When the good leader enforces necessary rules, many people object. Few understand foundation science and no one wants the floor to tremble. But, the very leader deemed the “trouble maker” could be the only person in the house with the competence and courage to save the house. Rules protect the innocent and keep everyone safe under the roof. Question leaders, but don’t complain about thriving steps causing tremors.

276 – Leading as Directors

Letting children run wild does them no good. It never does anyone any good, no matter how old we get.
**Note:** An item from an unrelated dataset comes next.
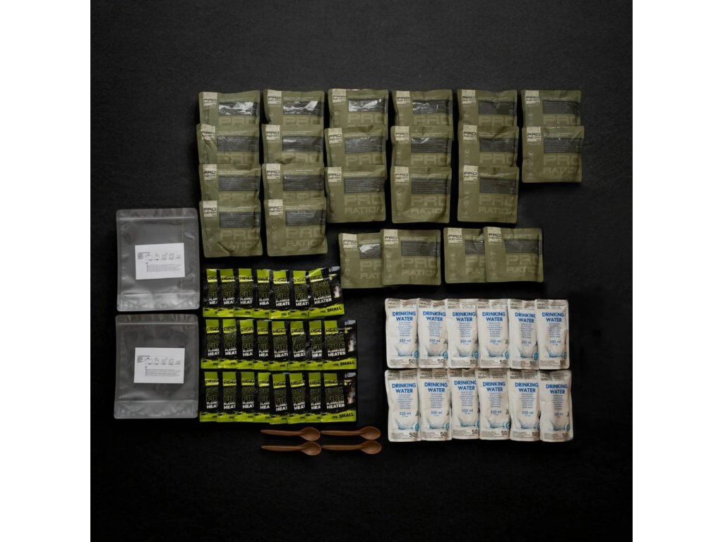Obsahuje 23 porcí plnohodnotného a chutného jídla – tedy kompletní zásobu pro čtyřčlennou rodinu na 72 hodin. Součástí balení je také samoohřev pro přípravu všech jídel bez potřeby vnějšího zdroje tepla a 12 sáčků s 330 ml pitné vody s trvanlivostí až 50 let.
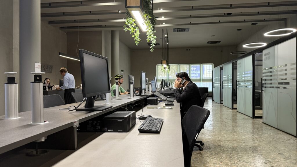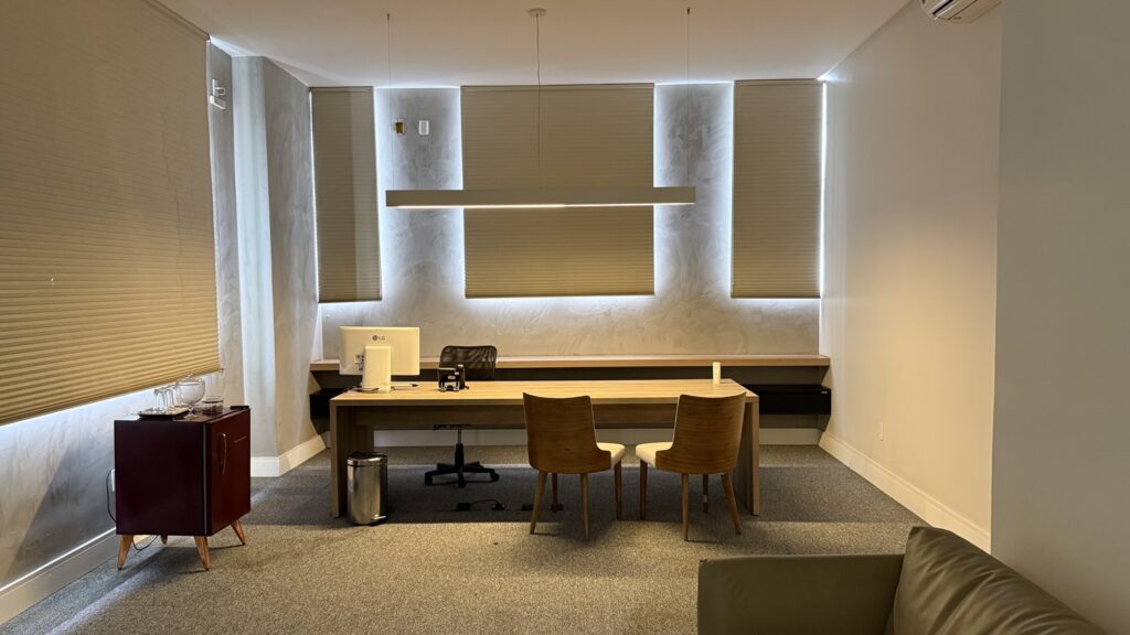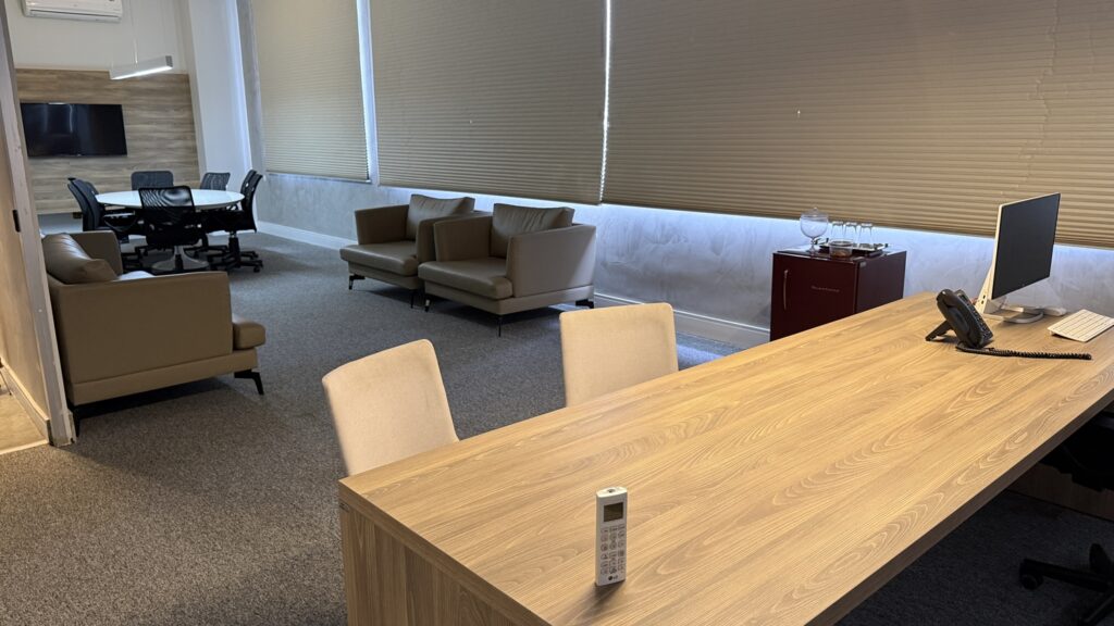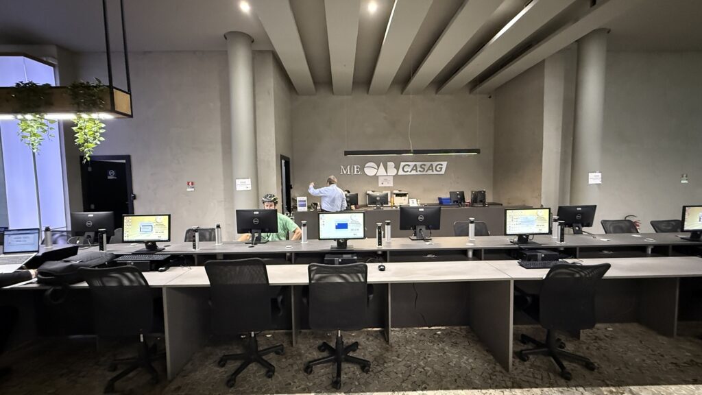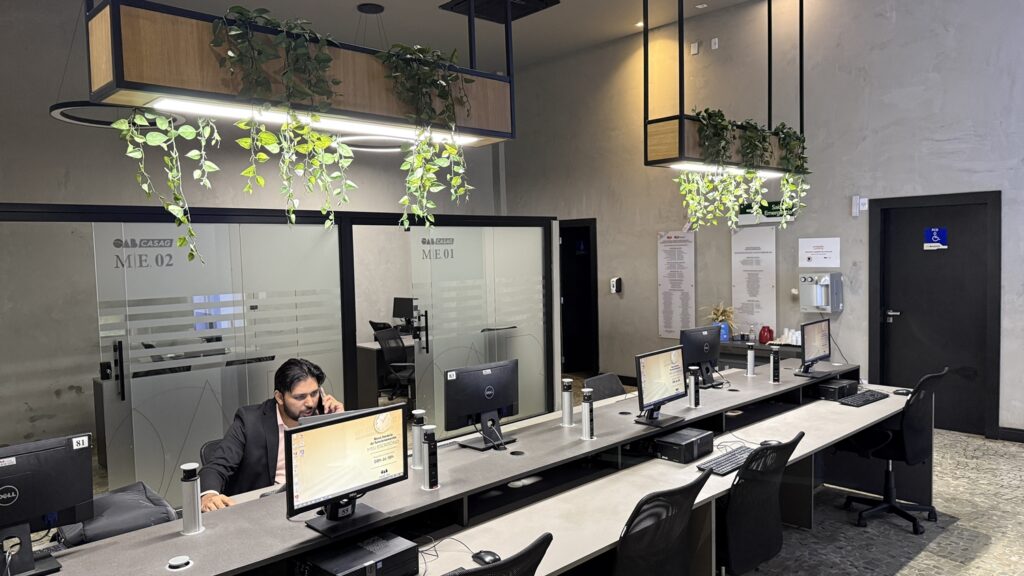 Distribuído em três pavimentos, o espaço foi planejado para atender às diferentes demandas da advocacia. No térreo, o atendimento acontece em baias e estações de trabalho compartilhadas, com computadores, salas individualizadas e equipe preparada para auxiliar no uso de sistemas como Projudi, PJe e PJe-JT. “É um atendimento personalizado para o advogado, com uma equipe que conhece tecnologia da informação e consegue resolver as demandas de forma imediata”, pontua Larissa.

Allowing someone to ignore the boundary lines and break important rules not only harms other people, it harms the person breaking those rules and crossing those boundaries.

The damage of being allowed to live without boundaries occurs on multiple levels. It “enables” bad behavior to continue by “sending the wrong message”. An athlete who can’t play within regulation lacks skill. Little, cute Johnny may seem adorable to the in-laws while he fumbles around with the soccer ball at 7 years old, but unless he focuses his efforts he’ll grow up to be inept rather than a starter athlete appreciated by his teammates and adored by the crowd.

Receiving direction feels constricting at first, but it eventually empowers, like the focused light of a laser or magnifying glass.

Constriction and control is not an end in itself. Helen Keller was wild, unrestrained, and insufferable as a child, until a tutor was able to teach her the concept of meaning. She needed direction, but it had to be coupled with understanding. She had unusual obstacles that needed to be overcome first, but most of us don’t have the luxury of that excuse. Boundaries still must be enforced, usually without as much patience as an unusual “Keller” case requires.

Blowing the whistle when the ball goes OB helps the learning athlete understand gravity, how the world works, the flow of the wind, and what happens in the game. For rookies unable to stay in bounds, remove the lines from the court so the rookies don’t learn to ignore them. Parents of children who grow to be respected as adults will say to the five year old, “Oops, it went over the line. So, it’s my ball now. Tough luck.” That child will learn quickly to be awesome and other parents will never figure out why, but they will always be jealous. Good leaders kindly do the same with everyone, with everything, everywhere.

Learning to color inside the lines is about more than “neatness” and “organization”; it may not even hurt anyone; but staying within the lines proves skill.